● HOW TO COMPLETE THIS TASK
Starting at the line that contains "Cột tóc vải", print each line exactly through the end of the listing. Skip any pictures and add nothing.

───── SOURCE RECORDS ─────

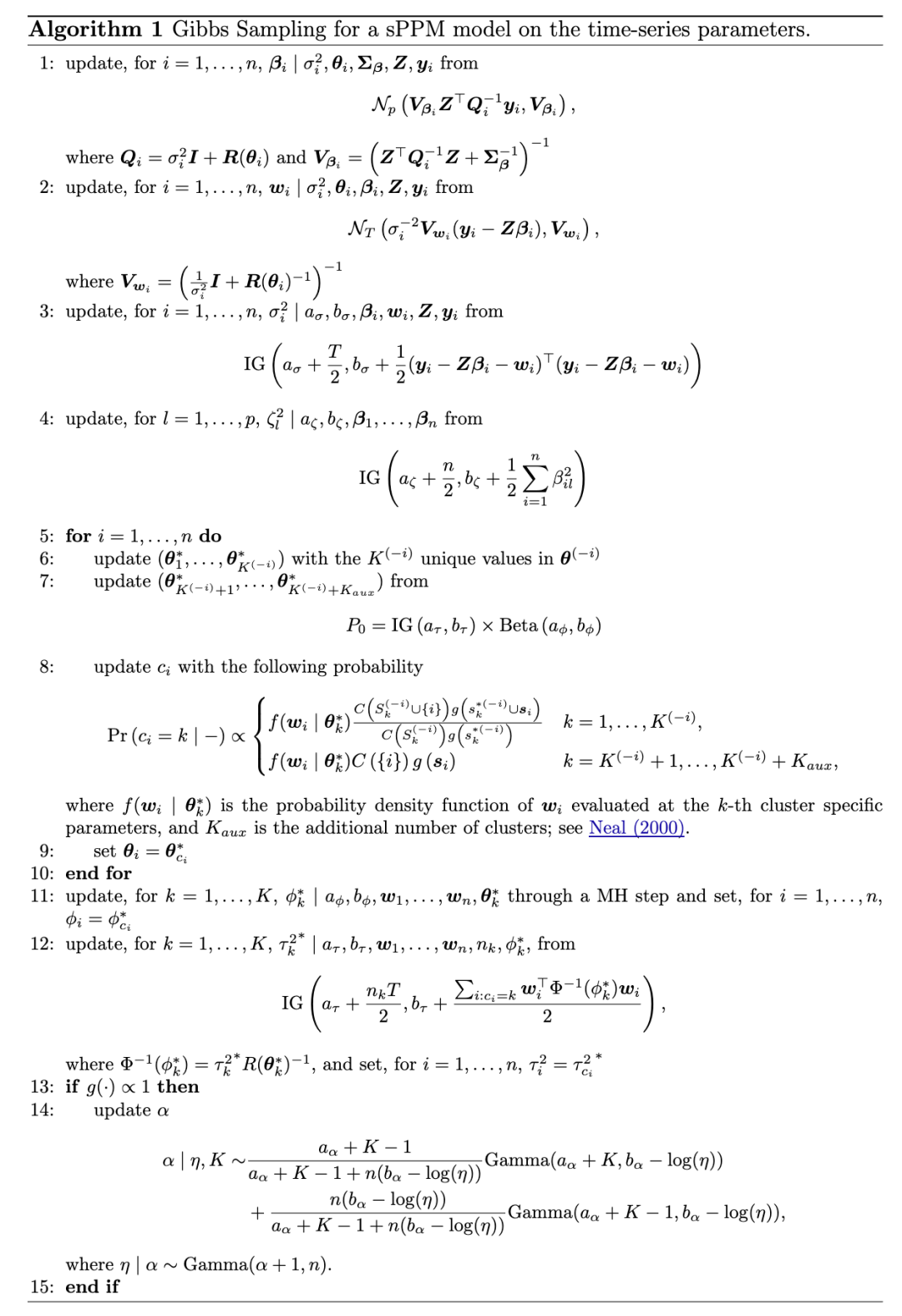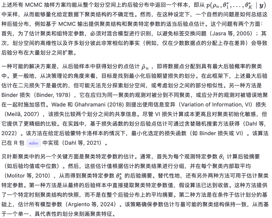 另一方面,无限混合模型的后验采样器可分为两类:(i) 条件算法,能够对混合参数和聚类结构进行完整的贝叶斯推断(Papaspiliopoulos 和 Roberts, 2008;Kalli 等, 2011);以及 (ii) 边缘算法,通过将混合参数积分掉来简化计算,从而专注于聚类本身(MacEachern 和 Müller, 1998)。早期进展包括引入 Pólya urn 吉布斯抽样器(Escobar, 1994;MacEachern, 1994;Escobar 和 West, 1995;MacEachern, 1998),随后 Ishwaran 和 James (2001) 引入了狄利克雷过程的断棒表示,使得可以通过吉布斯抽样实现后验推断。
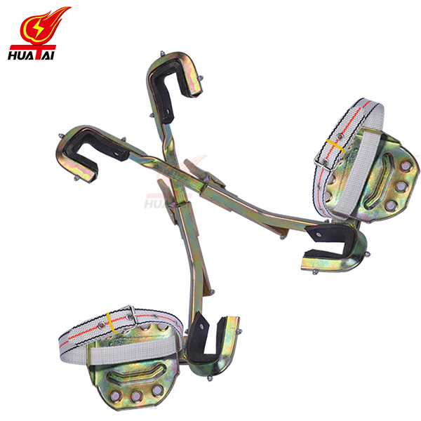 3、正式攀登前應(yīng)對腳扣作人體沖擊試登,判斷腳扣是否有變形和損傷。登桿前應(yīng)將腳扣登板的皮帶系牢,登桿過程中應(yīng)根據(jù)桿粗細(xì)隨時調(diào)整腳扣尺寸。
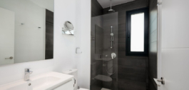 La villa se distribuye en dos niveles. En la planta baja, le da la bienvenida un generoso vestíbulo de entrada que conduce a una sala de estar bellamente diseñada, que está perfectamente integrada con las zonas de comedor y cocina. Los grandes ventanales dan a los magníficos jardines, proporcionando mucha luz natural. Junto a la cocina hay un lavadero independiente con acceso a una cochera cubierta con capacidad para dos coches. Este nivel también cuenta con un cómodo dormitorio doble con baño en suite, una terraza privada y un aseo independiente.
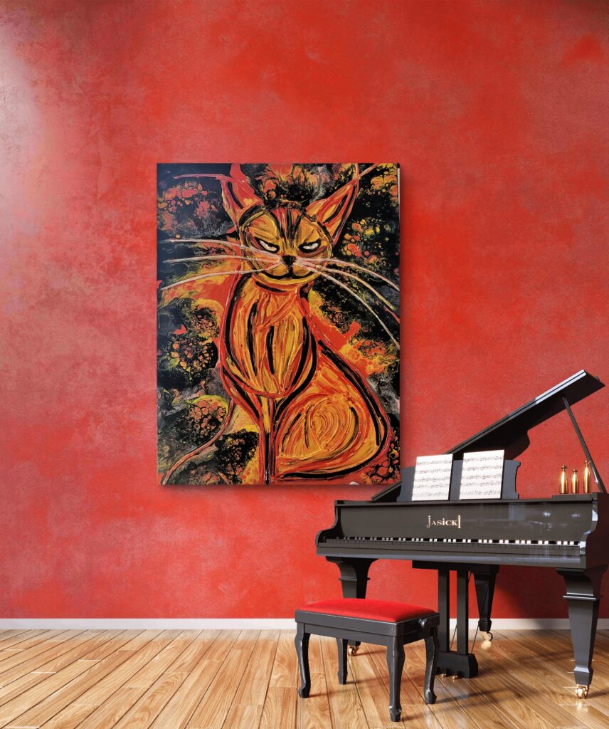 Obraz ten można interpretować jako symboliczne przedstawienie niezależności i tajemniczości, cech często przypisywanych kotom. Kolorowe tło, pełne intensywnych barw, symbolizuje różnorodność emocji i doświadczeń, które towarzyszą naszemu życiu. Kot, będący centralnym elementem kompozycji, może reprezentować wewnętrzną siłę, intuicję oraz niezależność. W kulturze koty często symbolizują tajemniczość, mądrość i duchową ochronę. Motyw kota może również odwoływać się do literatury, gdzie koty pojawiają się jako symbole wolności i magii, jak w „Mistrzu i Małgorzacie” Michaiła Bułhakowa, gdzie kot Behemot odgrywa znaczącą rolę w narracji pełnej tajemnic i zaskakujących zwrotów akcji.
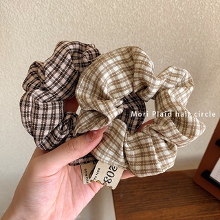 Cột tóc vải scrunchies sọc CARO NÂU ĐEN đơn giản thời thượng hàn quốc S31
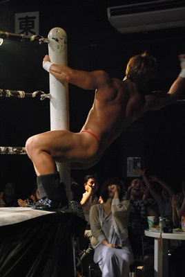 諸橋は場外に出て変なおじさんダンスからコーナーポストを使ってポールダンスっぽい何か(右写真)。
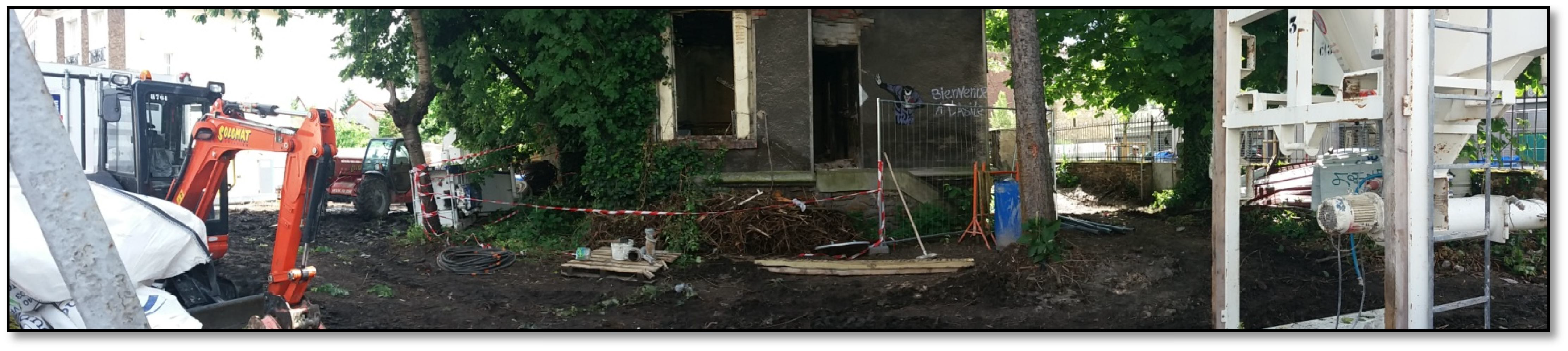 Ci dessous le même chantier à une autre étape de sa construction. La terre pleine a été excavée et remplacée par du béton. Voilà pourquoi on ne pourra plus jamais y planter des arbres ! Espérons néanmoins que les eaux de pluie les jours de gros orages n’iront pas inonder les constructions et pavillons environnants….
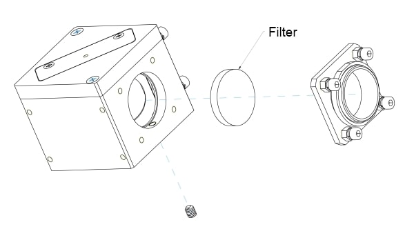 A filter well (see diagram below) is integrated into each input port so that a φ1” or φ25mm optical filter can be inserted in between the LED source and the beam splitter. Narrow band filters and polarizers may be used to clean up LED spectrum or change the polarization state of the output beam. Here are the dimension requirement for the dichroic/beamsplitters to be fit into the beam combiner cubes:
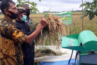 Cilacap, Gatra.com – Petani di Kabupaten Cilacap, Jawa Tengah, memanen padi varietas Inpari Unsoed 79 Agritan di lahan percontohan (pilot project) Desa Bulupayung, Kecamatan Patimuan, Cilacap. Varietas ini adalah jenis tahan air asin, yang dinilai mampu mengatasi persoalan area persawahan di kawasan pasang rob air laut.
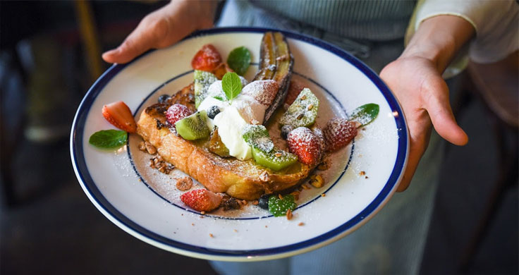 小さな鳥居が見える太田姫稲荷神社に隣接する麹町カフェの広々とした空間にはサプライズが溢れています。エントランス横・カウンターに面する壁をよく見ると、幾つものコーヒー豆の跡形が。ふと天井を見上げれば、鳥たちの姿。麹町カフェに集うアーティストたちによって描かれた花や植物の影は、自由を求めて枠から飛び出そうとする真っ最中。そんな視覚的なホスピタリティーはもちろん、麹町カフェのウェイター・ウェイトレスたちは、常連のお客様も初めてのお客様も、誰もが特別な気持ちになれるサービスを心掛けています。老夫婦へ出すお魚はあらかじめ骨を抜いてテーブルへ。窓際が好きなあの方は、あの席へ。妊婦さんのデザートプレートには、コウノトリの絵を添えて。お皿の上の味わいとは、気遣い、ディテールへのこだわり、そして優しさも加わるものであるからこそ、自分の家にやってきた友人や大切な人をおもてなしする気持ちで日々ホールを駆け回っています。

─────

● WORKED SOLUTION
 Cột tóc vải scrunchies sọc CARO NÂU ĐEN đơn giản thời thượng hàn quốc S31
 諸橋は場外に出て変なおじさんダンスからコーナーポストを使ってポールダンスっぽい何か(右写真)。
 Ci dessous le même chantier à une autre étape de sa construction. La terre pleine a été excavée et remplacée par du béton. Voilà pourquoi on ne pourra plus jamais y planter des arbres ! Espérons néanmoins que les eaux de pluie les jours de gros orages n’iront pas inonder les constructions et pavillons environnants….
 A filter well (see diagram below) is integrated into each input port so that a φ1” or φ25mm optical filter can be inserted in between the LED source and the beam splitter. Narrow band filters and polarizers may be used to clean up LED spectrum or change the polarization state of the output beam. Here are the dimension requirement for the dichroic/beamsplitters to be fit into the beam combiner cubes:
 Cilacap, Gatra.com – Petani di Kabupaten Cilacap, Jawa Tengah, memanen padi varietas Inpari Unsoed 79 Agritan di lahan percontohan (pilot project) Desa Bulupayung, Kecamatan Patimuan, Cilacap. Varietas ini adalah jenis tahan air asin, yang dinilai mampu mengatasi persoalan area persawahan di kawasan pasang rob air laut.
 小さな鳥居が見える太田姫稲荷神社に隣接する麹町カフェの広々とした空間にはサプライズが溢れています。エントランス横・カウンターに面する壁をよく見ると、幾つものコーヒー豆の跡形が。ふと天井を見上げれば、鳥たちの姿。麹町カフェに集うアーティストたちによって描かれた花や植物の影は、自由を求めて枠から飛び出そうとする真っ最中。そんな視覚的なホスピタリティーはもちろん、麹町カフェのウェイター・ウェイトレスたちは、常連のお客様も初めてのお客様も、誰もが特別な気持ちになれるサービスを心掛けています。老夫婦へ出すお魚はあらかじめ骨を抜いてテーブルへ。窓際が好きなあの方は、あの席へ。妊婦さんのデザートプレートには、コウノトリの絵を添えて。お皿の上の味わいとは、気遣い、ディテールへのこだわり、そして優しさも加わるものであるからこそ、自分の家にやってきた友人や大切な人をおもてなしする気持ちで日々ホールを駆け回っています。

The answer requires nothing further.